Fig. 3A Grade D pancreatitis without necrosis in 44-year-old man. Initial contrast-enhanced axial CT image shows small fluid collection (arrows) adjacent to tail of pancreas and in left anterior pararenal space. Entire pancreas including tail (not shown) showed normal enhancement.
Fig. 3B Grade D pancreatitis without necrosis in 44-year-old man. Axial CT image 2 months after A reveals development of 7 × 6 cm acute pseudocyst (arrows) adjacent to tail of pancreas.
Fig. 3C Grade D pancreatitis without necrosis in 44-year-old man. Axial CT image 2 years after A shows 5 × 4 cm pseudocyst (arrows) with calcification in wall (arrowhead), indicating chronic pseudocyst.
Fig. 4A Grade E pancreatitis without necrosis in 47-year-old man. Axial image from contrast-enhanced CT examination performed 5 months after initial episode for abdominal pain and decrease in hematocrit level shows hemorrhagic pseudocyst (white arrows) in wall of duodenum and leakage of blood (arrowheads) into peritoneal cavity. Additionally, small pseudocyst is present in head of pancreas (black arrow).
Fig. 4B Grade E pancreatitis without necrosis in 47-year-old man. Axial CT image 6 days after A shows that hemorrhagic pseudocyst (arrows) has eroded and perforated postbulbar duodenum, with leakage of free air (arrowheads) into abdomen. Patient underwent surgery with unroofing and drainage of pseudocyst and pyloric exclusion. Hemorrhage and pseudocyst resolved on follow-up CT examinations (not shown).
Fig. 5A Retroperitoneal hemorrhage in 25-year-old man with grade E pancreatitis without necrosis. Initial contrast-enhanced axial CT image reveals large retroperitoneal hematoma (arrows).
Fig. 5B Retroperitoneal hemorrhage in 25-year-old man with grade E pancreatitis without necrosis. Follow-up axial CT image 21 days later shows encapsulated, liquefied retroperitoneal hematoma (arrows). Resolution of hematoma was documented on follow-up CT examinations (not shown).

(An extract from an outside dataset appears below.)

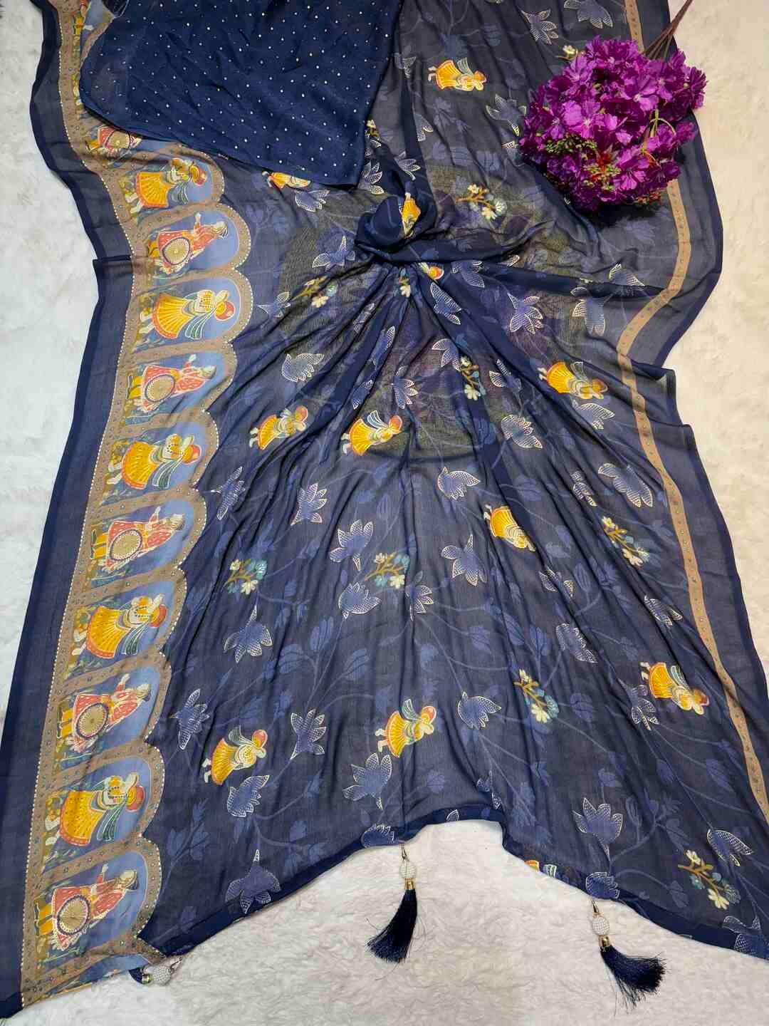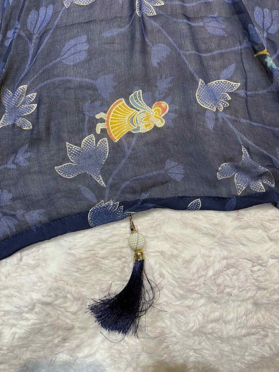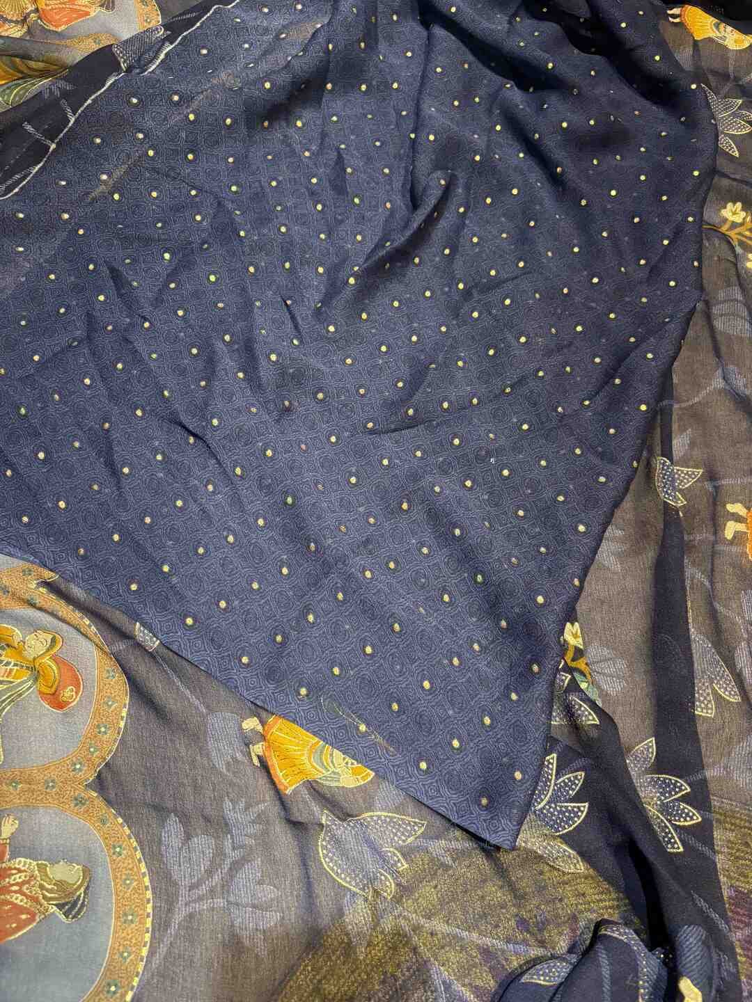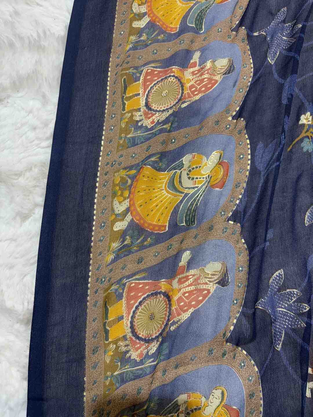 A stunning fusion of artistry: Contemporary figure digital prints come alive on soft Georgette fabric, creating a lightweight, flowy drape that feels modern, stylish, and effortlessly elegant.

When the initial peripancreatic fluid collections are not absorbed, they tend to organize and slowly evolve into fully encapsulated collections called “acute pseudocysts.” This evolution heralds the beginning of a potentially more complex and uncertain clinical course. The development usually takes more than 4 weeks, but because the timing is somewhat variable, the diagnosis is established only when a sharply defined circumferential capsule is clearly detected. As opposed to chronic pseudocysts, acute pseudocysts have a thin friable capsule and an unstable natural history. They can diminish or grow in size, resolve, rupture, drain into the pancreatic duct, or fistulize into the gastrointestinal tract. Spontaneous resolution has been reported in 40% of acute pseudocysts known to be present for less than 6 weeks, whereas they tend to remain stable when older than 12 weeks [16]. Complications such as rupture, hemorrhage, or infection have been reported in 18–50% of cases [1619]. A follow-up CT series of 75 patients with acute pseudocysts reported enlargement or complications requiring surgery in about half and resolution or stable size in asymptomatic individuals in the other half [20].

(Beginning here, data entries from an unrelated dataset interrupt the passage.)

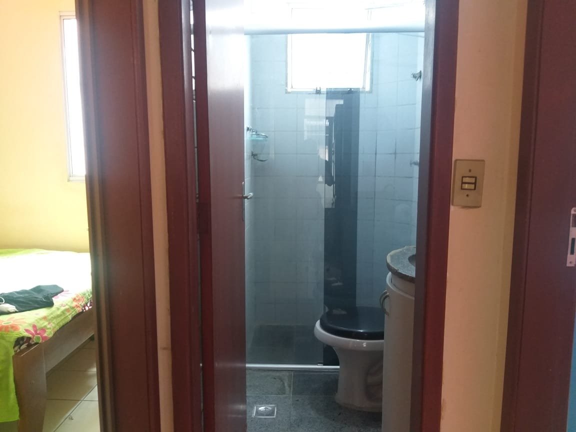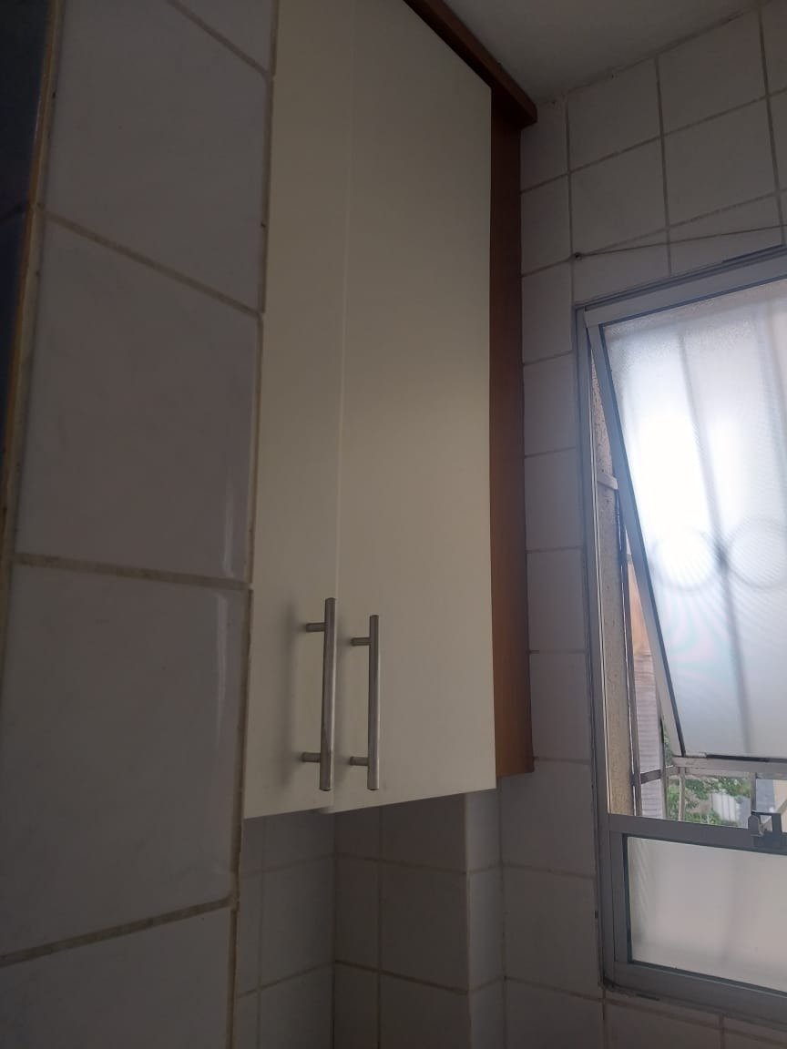 02 quartos (01 com armário embutido) Cozinha com armário 01 banheiro Área de serviço com armário 01 banheiro com armário Não tem elevador, Condomínio com gás e água incluídos.
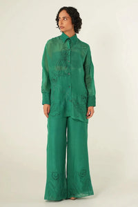 A sheer jade green set in viscose organza, featuring a relaxed-fit shirt with full sleeves, gathered cuffs, and ombré black PVC cord embroidery in abstract line patterns. Paired with high-rise flared pants, detailed with matching linework at the hem and a partially elasticated waistband for effortless movement.
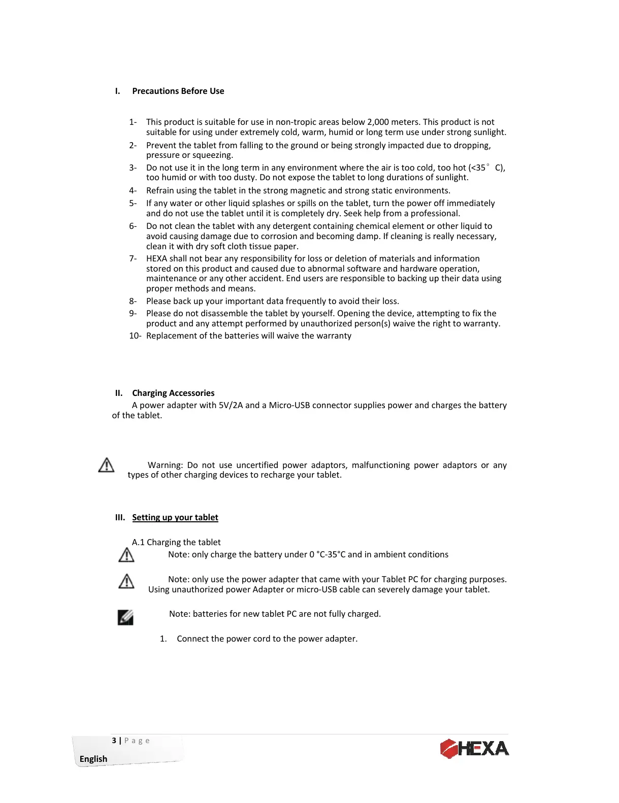 HEXA Spring 8 - Precautions Before Use; Charging Accessories; Setting Up your Tablet; Charging the tablet
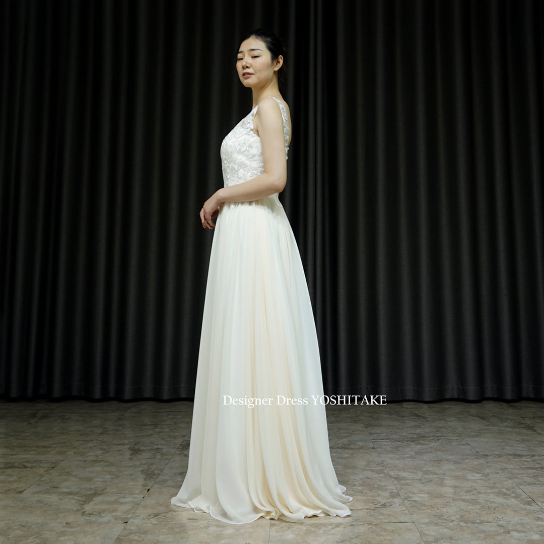 【オーダー制作】ウエディングドレス ウエディングスレンダーシフォンドレス.オフホワイト.フォトウエディング.ガーデン ※制作期間4週間から8週間
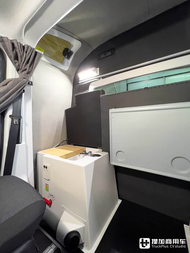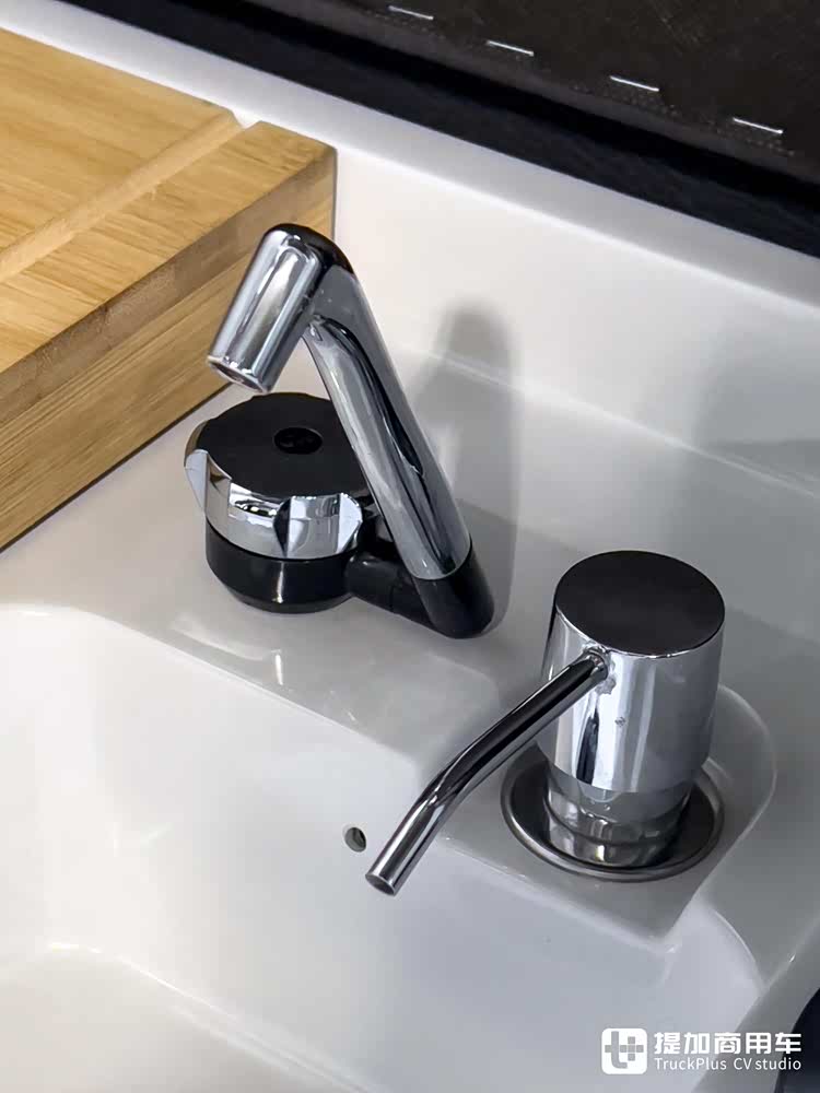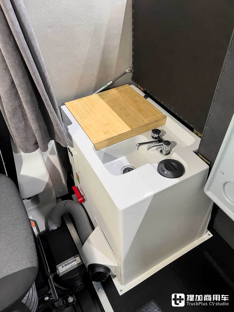 橱柜设计有集成水槽及卡式炉,可满足驾驶员的简单烹饪需求。卡式炉盖板由木材制成,既能够拿来切菜,也可以拿来用餐。

Follow-up CT examinations in our 73 grades D and E patients with fluid collections documented five patients with single pseudo-cysts, for an incidence of 6.8%, or 3.0% of the entire group of 169 cases. Hemorrhage from rupture of a pseudocyst occurred in two patients, necessitating surgical intervention. The prevalence of hemorrhagic pseudocysts, similar to the two cases in our series, varies in different reports from 2% to 31% of acute pseudocysts [17, 21]. After an acute attack of pancreatitis, hemorrhage is usually not associated with ruptured pseudoaneurysms, which tend to occur later after an acute episode [22]. Rather, in the acute phase, hemorrhage most often occurs secondary to capillary bleeding in the wall of the pseudocyst or in the retroperitoneum. Because the natural history, clinical significance, and surgical management are uncertain, a conservative noninterventional approach, particularly for asymptomatic pseudocysts smaller than 5 cm, has been accepted in clinical practice [20]. Surgical or interventional drainage procedures are reserved for complications (such as hemorrhage or infection) and for symptomatic enlarging pseudocysts diagnosed by follow-up imaging studies.

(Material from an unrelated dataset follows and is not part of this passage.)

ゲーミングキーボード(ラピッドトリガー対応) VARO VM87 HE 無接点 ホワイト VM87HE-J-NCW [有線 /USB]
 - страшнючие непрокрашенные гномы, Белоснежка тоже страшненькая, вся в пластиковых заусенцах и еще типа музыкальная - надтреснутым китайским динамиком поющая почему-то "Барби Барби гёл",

Three individuals in our series of 169 patients developed chronic complications (two cases of chronic pancreatitis and one case of groove pancreatitis), for an incidence of only 1.8%. Groove pancreatitis was diagnosed when there was focal inflammation exclusively or predominantly involving the head of the pancreas and associated fluid in the groove between the head of the pancreas and the second portion of the duodenum [23]. Although these are important long-lasting, irreversible, and clinically debilitating developments [23, 24], their true incidence rate is difficult to establish without close patient supervision and repeated long-term follow-up examinations.
Our retrospective survey of 169 patients with attacks of nonnecrotizing acute pancreatitis has several limitations that may affect the veracity of our results. Because of its retrospective nature, this is not a controlled study, and long-term follow-up examinations in some of our patients with unresolved fluid collections and acute pseudocysts were not always available. Follow-up imaging studies were available for review in approximately 50% of our entire patient population and in 70% of patients with fluid collections, including 100% of grade E patients with larger collections and more severe and protracted clinical presentations. We likely underestimated the true incidence of acute and chronic complications because longer-term follow-ups in some of our patients with unresolved fluid collections and acute pseudocysts may have yielded additional complications. On the other hand, long-term follow-up examinations could have missed other unrecorded subliminal intervening acute episodes of pancreatitis, particularly in alcoholic patients, that might have contributed to the development of late complications. Patients may also have sought follow-up care and undergone imaging at an outside institution, and they may have developed complications of which we were not aware. In addition, despite the improved accuracy of MDCT examinations, small superficial patchy areas of pancreatic necrosis that might have contributed to the severity of the acute attack in the development of subsequent complications could have been missed.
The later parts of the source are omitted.